Improvvisamente la porta della
cella si aprì. Katia si portò la mano al viso per ripararsi dalla luce che le
feriva gli occhi dopo la totale oscurità. Rosy emise un gemito, stringendosi
contro la compagna. “Sono venuti per me. sono venuti a prendermi!”, mormorò
terrorizzata.
Elvira e l’altra donna erano sulla
porta, armate di grossi bastoni. Quando si avvicinarono, Katia si lasciò
sollevare per le braccia e trascinare sul pavimento della cantina. La porta si
richiuse dietro di lei con un suono metallico che coprì il grido disperato di
Rosy.
“Spero abbiate fatto una bella
chiacchierata”, disse ironicamente Elvira, spingendola con il bastone.
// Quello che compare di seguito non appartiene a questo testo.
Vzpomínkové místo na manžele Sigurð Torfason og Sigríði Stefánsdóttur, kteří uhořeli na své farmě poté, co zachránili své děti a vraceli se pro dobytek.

“Metti le mani dietro la schiena
adesso”.
Katia fece come le aveva ordinato. Elvira
le premette il bastone in mezzo alla schiena mentre l’altra donna le legava i
polsi. Un’altra corda le stringeva il petto immobilizzandole le mani sui
fianchi e comprimendole i seni. Il bastone legato tra le scapole faceva
pressione tenendola ritta e facendola gemere di dolore.
“Così non cercherai di scappare un’altra
volta”, disse Elvira con un ghigno.
“Un’altra volta?, chiese stupita Katia.
Elvira scoppiò in una fragorosa
risata spingendo in avanti la sua vittima.
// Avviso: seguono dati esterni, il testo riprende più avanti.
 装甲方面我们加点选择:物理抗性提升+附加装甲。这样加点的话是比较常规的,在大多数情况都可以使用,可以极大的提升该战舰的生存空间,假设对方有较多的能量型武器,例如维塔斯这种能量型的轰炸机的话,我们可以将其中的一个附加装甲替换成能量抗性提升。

“E’ quello che avevi in mente
quando hai tentato di scendere dall’asse. Non dire che non è vero. Questa è
solo una precauzione”.
Percorsero tutto il lungo
corridoio, illuminato da una fila di lampadine gialle. Evidentemente si
trovavano nello scantinato dell’edificio. In quel posto poteva accadere di
tutto, anche un omicidio, e probabilmente qualcosa di orrendo sarebbe accaduto.
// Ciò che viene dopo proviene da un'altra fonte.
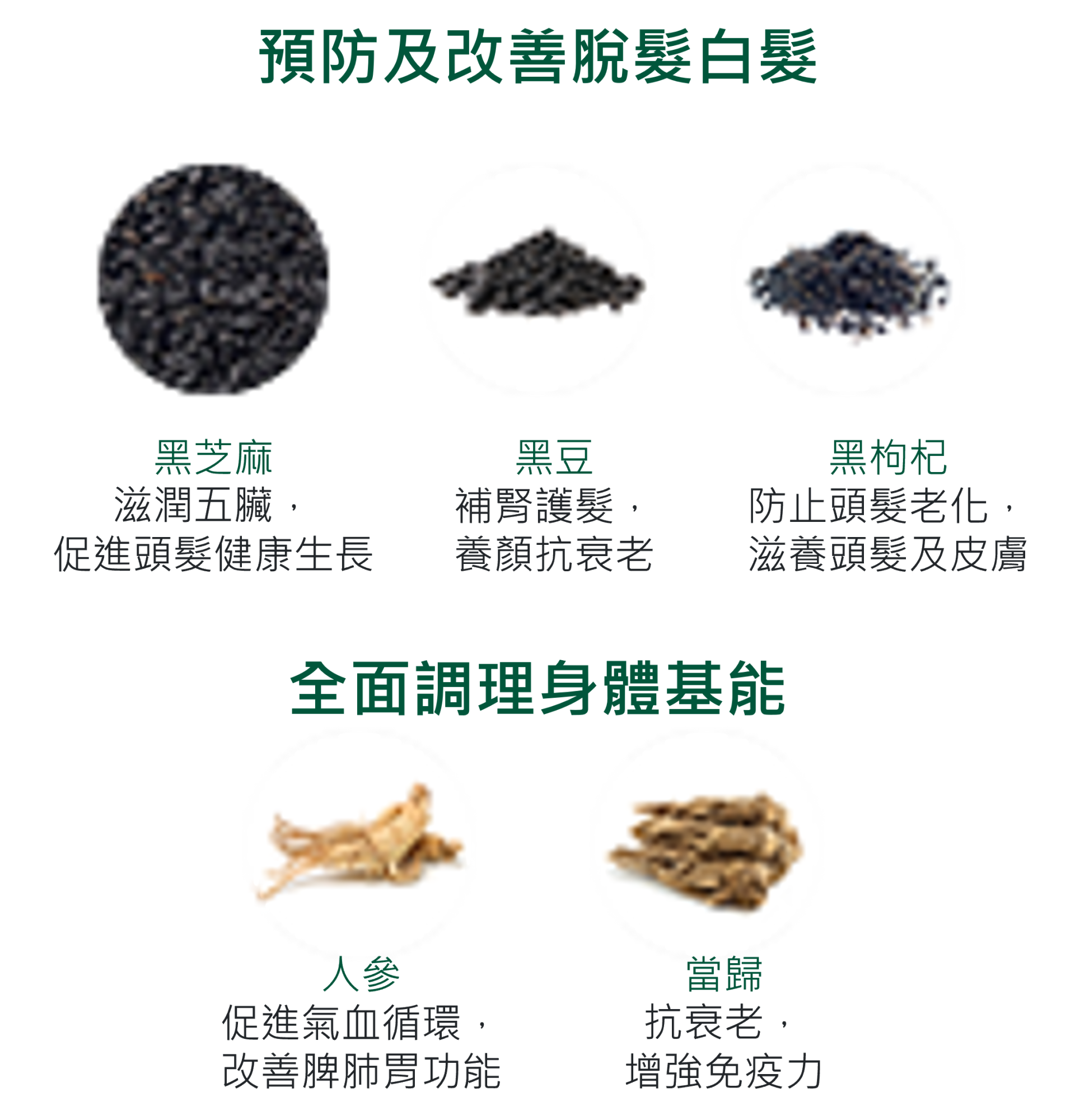 黑芝麻,黑枸杞, 黑豆, 人參, 當歸

“Di qua!”. Elvira le diede un altro
spintone e la fece svoltare a sinistra in un piccolo corridoio secondario. Katia
incespicò e si scosse i capelli dal viso. Elvira aveva aperto la porta di una
stanza.
“Dentro, troia!”.
“Ah, Katia. Sono felice di
rivederti!”. Com’era diversa la direttrice Storti! E che orribile gioco stava
facendo con lei!.
“Io…”, balbetto Katia.
La signora alzò un braccio
facendole cenno di tacere. “Non devi aprir bocca, a meno che tu non voglia stare
attaccata a quello strumento pieno di elettricità per tutta la notte, fino ad
esserne arsa viva. E’ questo che vuoi?”
Katia scosse la testa con lo
sguardo fisso a quella donna alta e attraente. La dottoressa aveva uno strano
abbigliamento. Invece del severo tailleur che indossava in ufficio, ora aveva
uno strano completo di pelle che le lasciava liberi i seni rigogliosi. E questo
metteva in evidenza i capezzoli di un rosso intenso, che svettavano dritti e
gonfi. Nei suoi occhi scuri brillava una
luce che fece ricordare a Katia lo sguardo sadico di Bruto.
Qualcuno tossì alle sue spalle e Katia
osò dare un’occhiata alla stanza in cui si trovava. Al centro di una
piattaforma si innalzava un lungo palo di legno che terminava con una punta
metallica a forma di pene. Quello che colpì l’attenzione di Katia fu la
familiare scatola grigia, lì accanto. In quel momento il generatore era spento,
come poté vedere dall’indicatore. Si ritrasse spaventata, le braccia le
dolevano per la tensione esercitata dal bastone rigido contro la schiena.
“Bene Katia, vedo che ti ricordi la sensazione della corrente che ti
attraversa il corpo. Fra parentesi, in questi contesti puoi chiamarmi Leona.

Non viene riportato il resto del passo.